[Saved data entries]

_ _ _ _

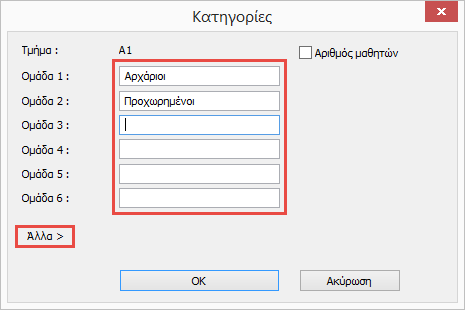 Μπορείτε πάντα να δημιουργήσετε καινούργιες κατηγορίες, π.χ. κατηγορίες αποτελούμενες από τα επίπεδα των μαθητών ή άλλα κριτήρια
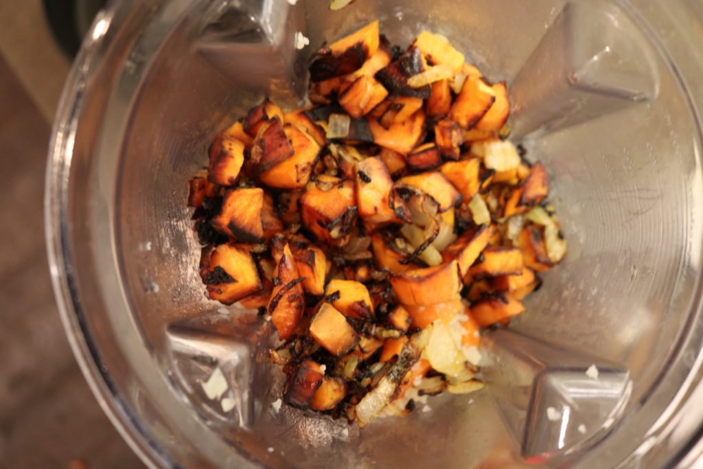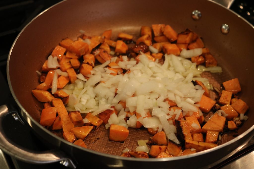 Cut up the sweet potato and onions, and saute them with garlic and a touch of olive oil.
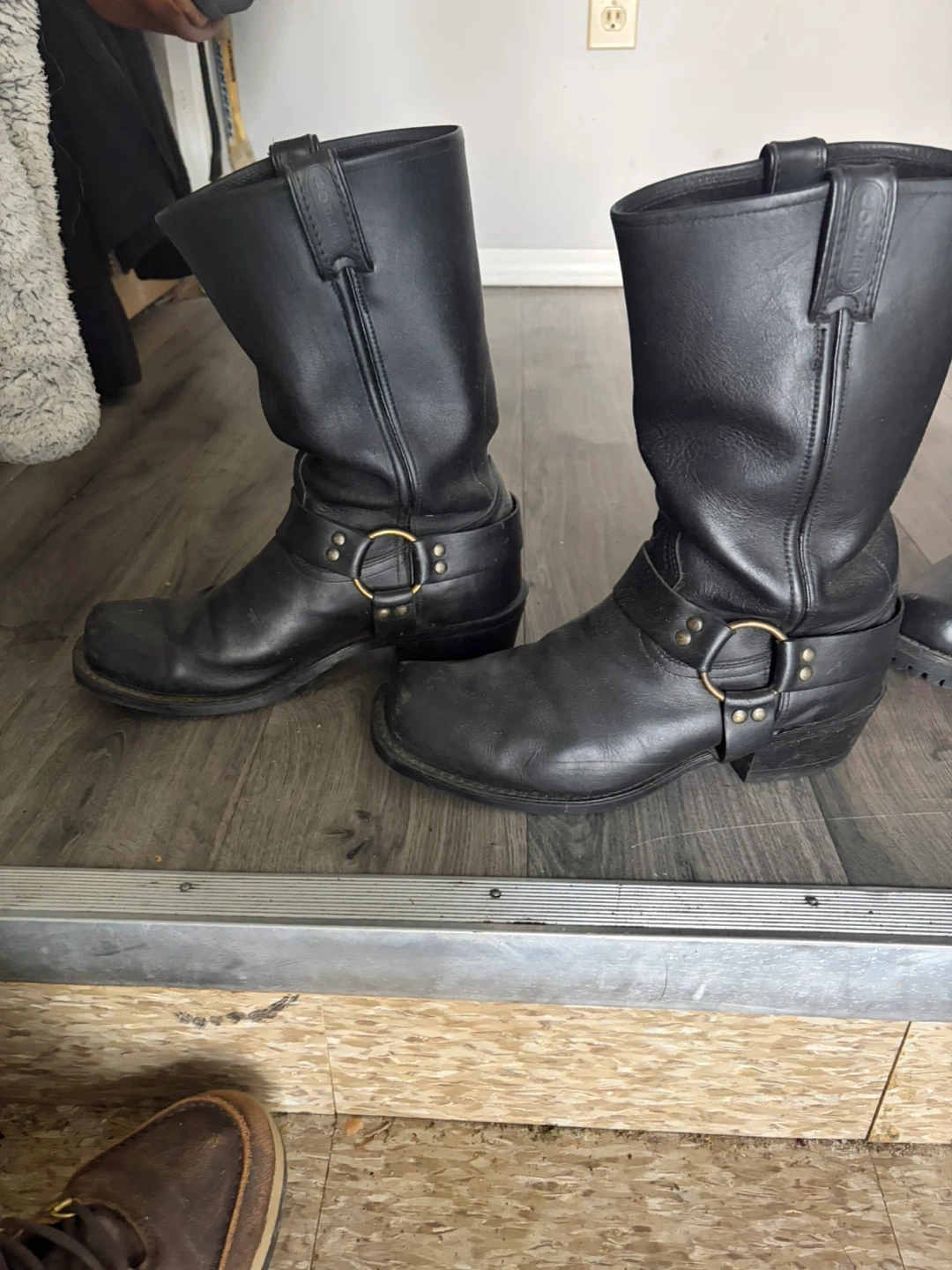 Classic black leather motorcycle boots with a buckle harness detail. These boots feature a durable construction for riding or everyday wear. Made from genuine leather.
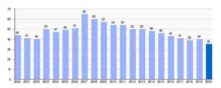 | Gráfica de evolución demográfica de Villaldavín entre 2000 y 2020 |
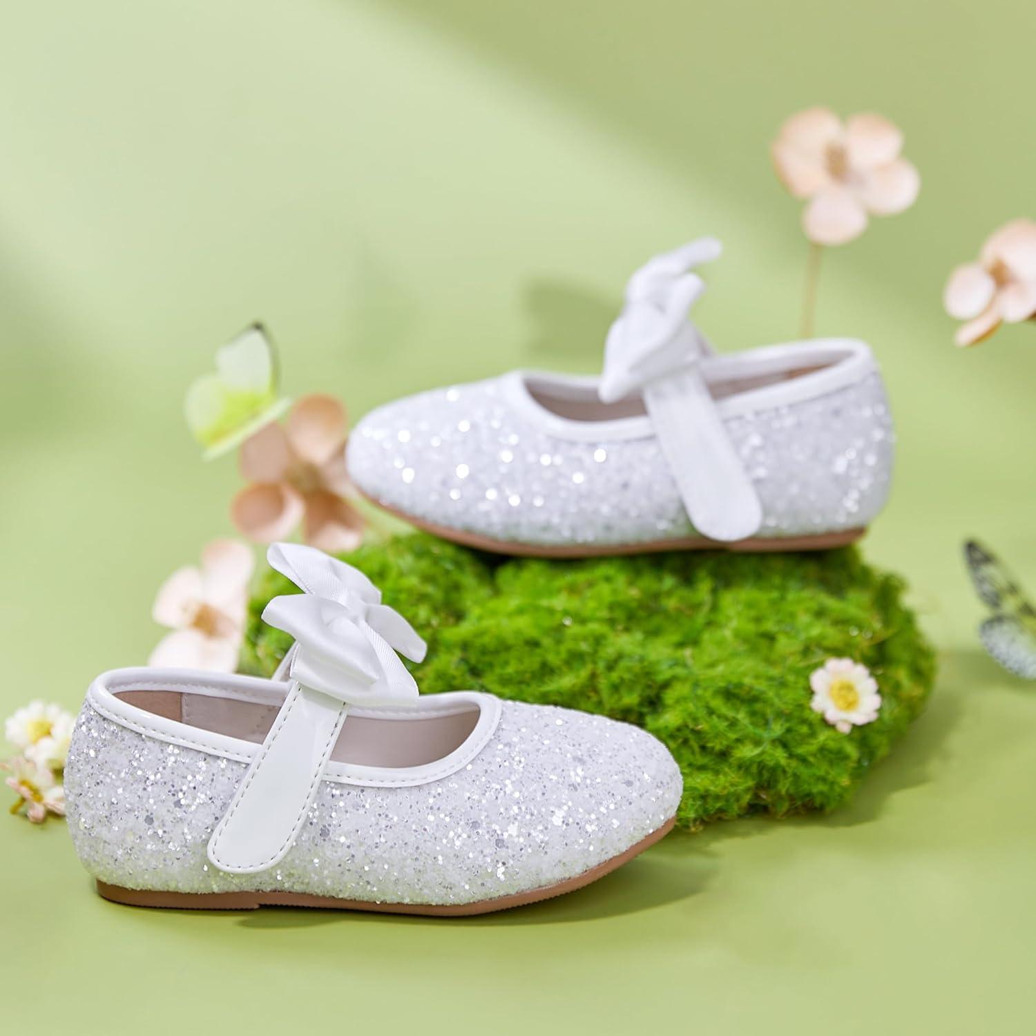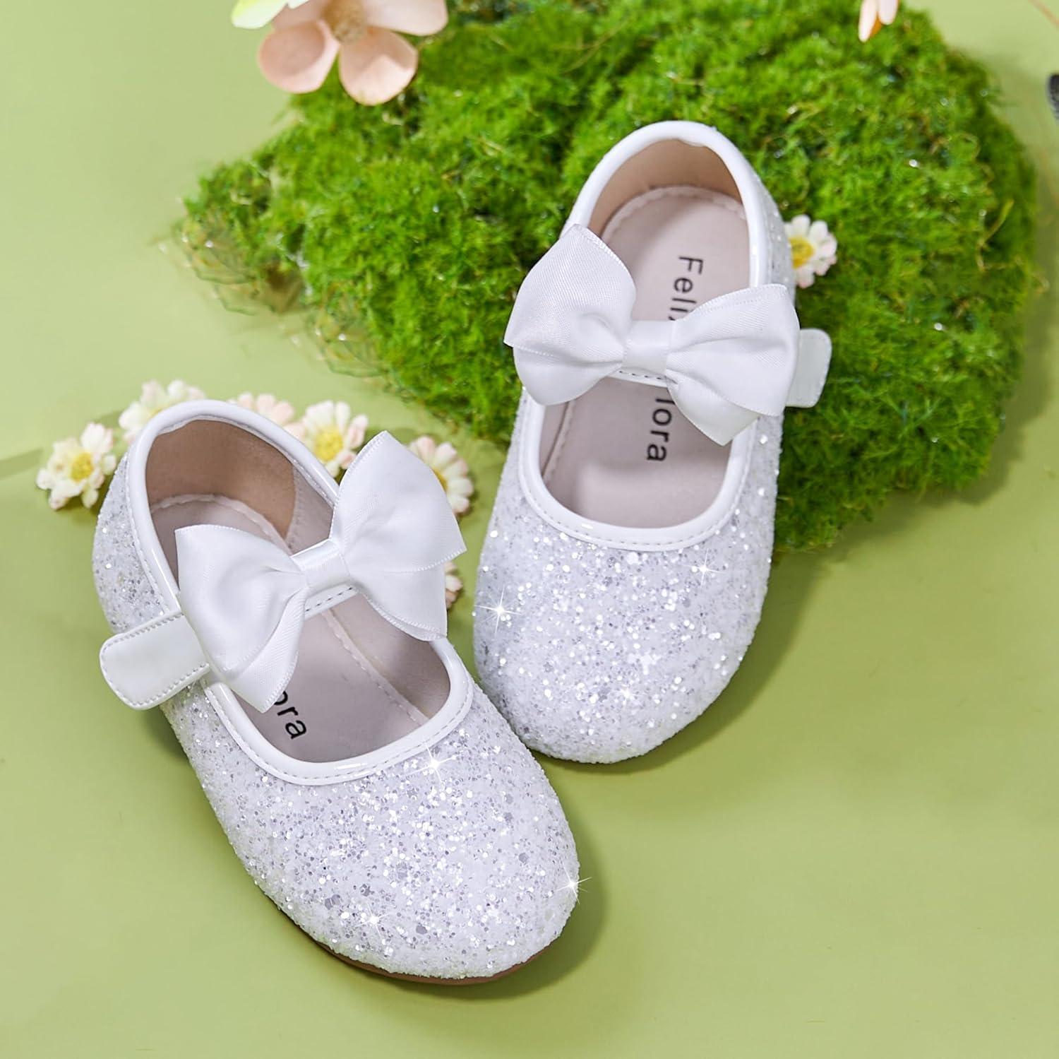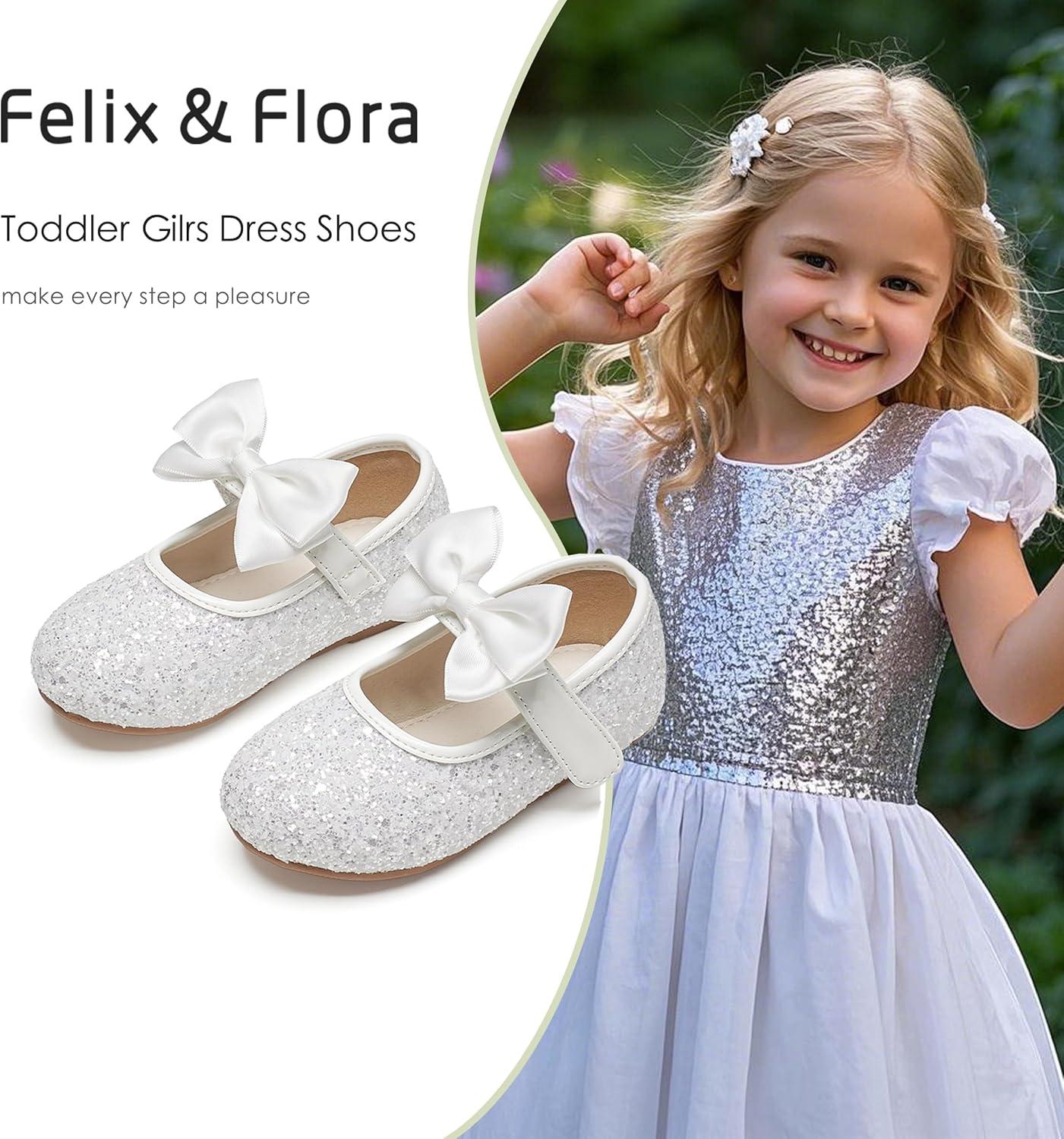Felix & Flora Toddler Girl Dress Shoes – Flower Girl Ballet Flats School Wedding Party(B903-glitter White)

_ _ _ _

TASK GOAL :: At the line containing "Classic black leather", begin reproducing the entries word for word, and continue through their last line. Leave out the pictures.

REPLY TO THE TASK ::
 Classic black leather motorcycle boots with a buckle harness detail. These boots feature a durable construction for riding or everyday wear. Made from genuine leather.
 | Gráfica de evolución demográfica de Villaldavín entre 2000 y 2020 |
Felix & Flora Toddler Girl Dress Shoes – Flower Girl Ballet Flats School Wedding Party(B903-glitter White)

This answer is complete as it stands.